Nesse sentido poderia exigir a devolução das contribuições por si efectuadas. No
entanto, os actos praticados de boa-fé, antes da nulidade de um tratado haver sido
invocada, não serão afectados pela nulidade do tratado (69.º/2 b) o que significa que
as despesas entretanto realizadas (de boa-fé) se mantinham.
c) Indique qual seria a intervenção do Presidente da República no processo de
vinculação se o Estado português se vinculasse a esta convenção. [4 valores]
Tratando-se de uma convenção que criava uma força comum de patrulhamento das
fronteiras esta revestiria a forma de um tratado solene (1.ª parte 161.º i) CRP) cuja a
competência de aprovação seria da AR (por se tratar de matéria relativa à defesa, nos
termos da mesma norma), através de uma Resolução (166.º/5), pelo que o PR poderia
eventualmente suscitar a fiscalização preventiva da constitucionalidade (134.º, 278.º) e
– não havendo qualquer vício –, se entendesse que a vinculação era politicamente
adequada, deveria ratificá-la (135.º b) – acto do qual deveria haver posterior referenda
ministerial (140.º/1).
Notas decorrentes da correcção (relativas a deficiências ou erros comuns)
[Em geral]
Os alunos não devem presumir que a repetição dos factos que constam do enunciado
tem, enquanto tal, alguma valor.
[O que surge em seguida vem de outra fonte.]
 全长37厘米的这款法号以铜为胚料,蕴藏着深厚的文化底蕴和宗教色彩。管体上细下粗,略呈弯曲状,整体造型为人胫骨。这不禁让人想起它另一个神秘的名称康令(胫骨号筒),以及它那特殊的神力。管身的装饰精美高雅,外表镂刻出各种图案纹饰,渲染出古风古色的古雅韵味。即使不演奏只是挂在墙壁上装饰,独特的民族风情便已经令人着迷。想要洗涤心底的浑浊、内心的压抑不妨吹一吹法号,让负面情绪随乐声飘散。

O que importa é identificar (nos factos) as questões
juridicamente relevantes e tratá-las.
[Questão I]
a. A assinatura de uma convenção apenas é expressão da vontade em ficar vinculado [à
convenção] se essa for a intenção dos Estados (constante do próprio tratado ou de
outro acto). Isso mesmo consta do art. 13.º CV69.
No caso, prevendo-se [o depósito do instrumento de] ratificação, deve constatar-se
que a contrario sensu, não era essa a intenção, pelo que a assinatura não vinculava.
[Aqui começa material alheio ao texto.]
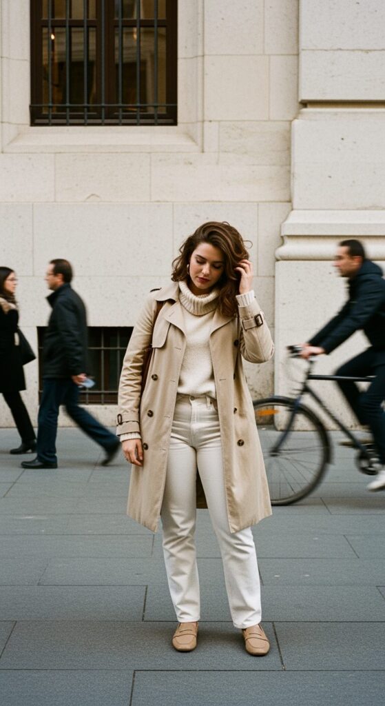 A cream turtleneck with white denim under a trench feels clean, cozy, and polished all at once.
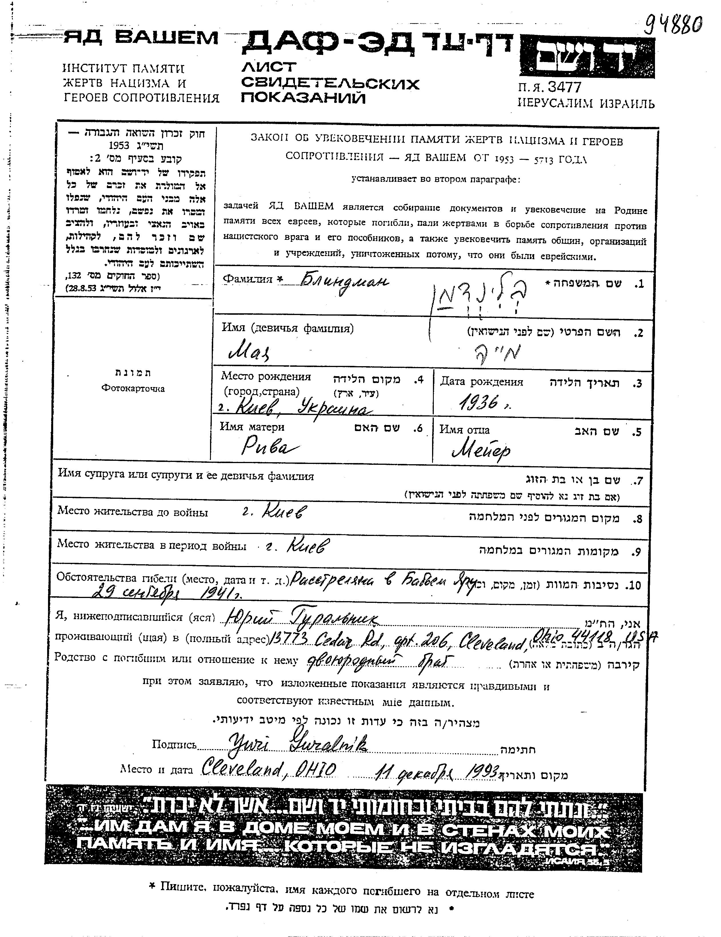 Blindman Maya Kiev, Ukraine (UdSSR) Liste von ermordeten Personen
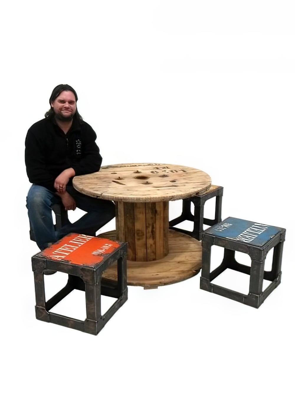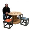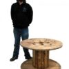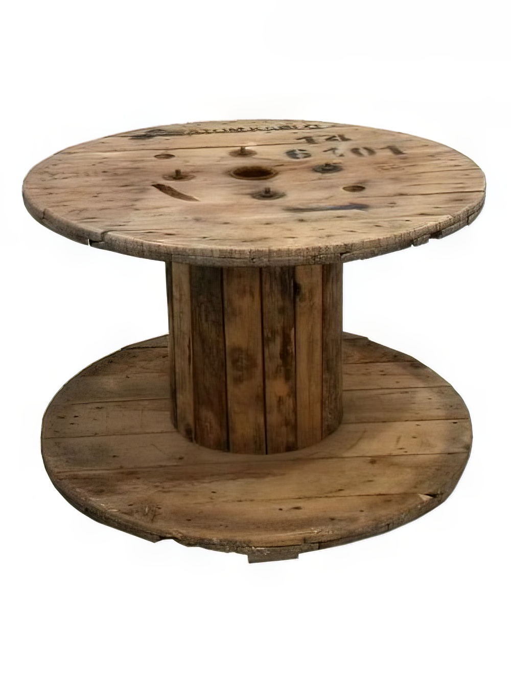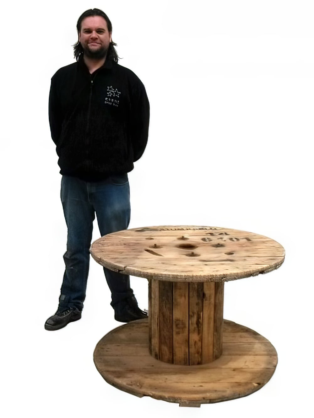 Cable Drum Table for hire. These tables are fantastic rustic items that would look great within a whole variety of themes from Industrial, Apocalyptic or Pirate, right through to Steam Punk. We offer a range of stools and other prop items that would really complement these tables.
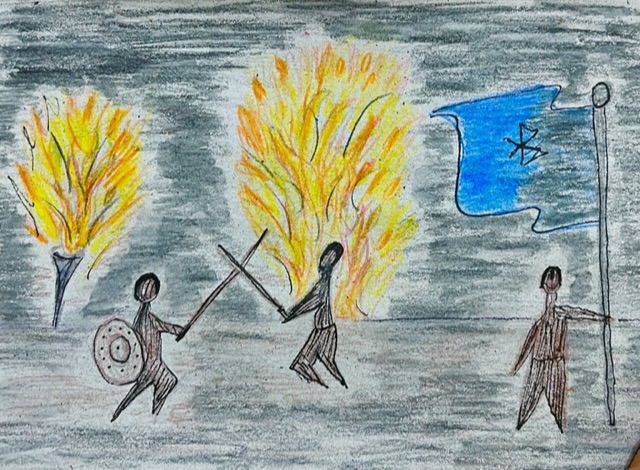 This one has an expanded cast of you, me, Cousin Kestrel and Auntie Katie, and a supporting cast of your Daddy David, Cousin Jasper, Momma Olga, and Grandpa Nelson. We are all involved in a Scavenger Hunt Quest to learn about the Vikings and their place in Danish History.

b. Quando se referia que a entrada em vigor ocorria com o depósito do instrumento de
ratificação do quarto Estado, isso não significa (nem pode significar) que é o quarto
Estado referido, mas o quarto a efectuar esse depósito. Poderia, no caso ser A, B ou C.
[Questão II]
c. Dizer que determinada matéria – no caso, o patrulhamento das fronteiras – integra o
elenco das matérias constantes da 1.ª parte da alínea i) do art. 161.º CRP não chega. É
necessário explicar qual das matérias ( já que os termos não coincidem);
d. Boa parte dos alunos confunde o regime relativo à forma com o da competência de
aprovação da AR (não devem confundir-se porque não coincidem sequer – a AR aprova
acordos em forma simplificada, em matérias da sua competência própria de
aprovação);
e. Quando se pede para indicar a intervenção do PR no processo não é necessário
referir todo o processo de vinculação do Estado português. Mas principalmente não
deve referir-se este em abstracto. Se – como acontecia no caso cuja análise era pedida
– existem os dados suficientes para determinar o nível formal da convenção para
efeitos nacionais [devia concluir-se que era necessariamente um tratado solene] não
devem os alunos na resposta referir as intervenções alternativas: sendo acordo em
forma simplicada ou sendo tratado solene. Tratando-se de uma questão prática, o que
se pretende é a aplicação do regime e não a sua descrição genérica.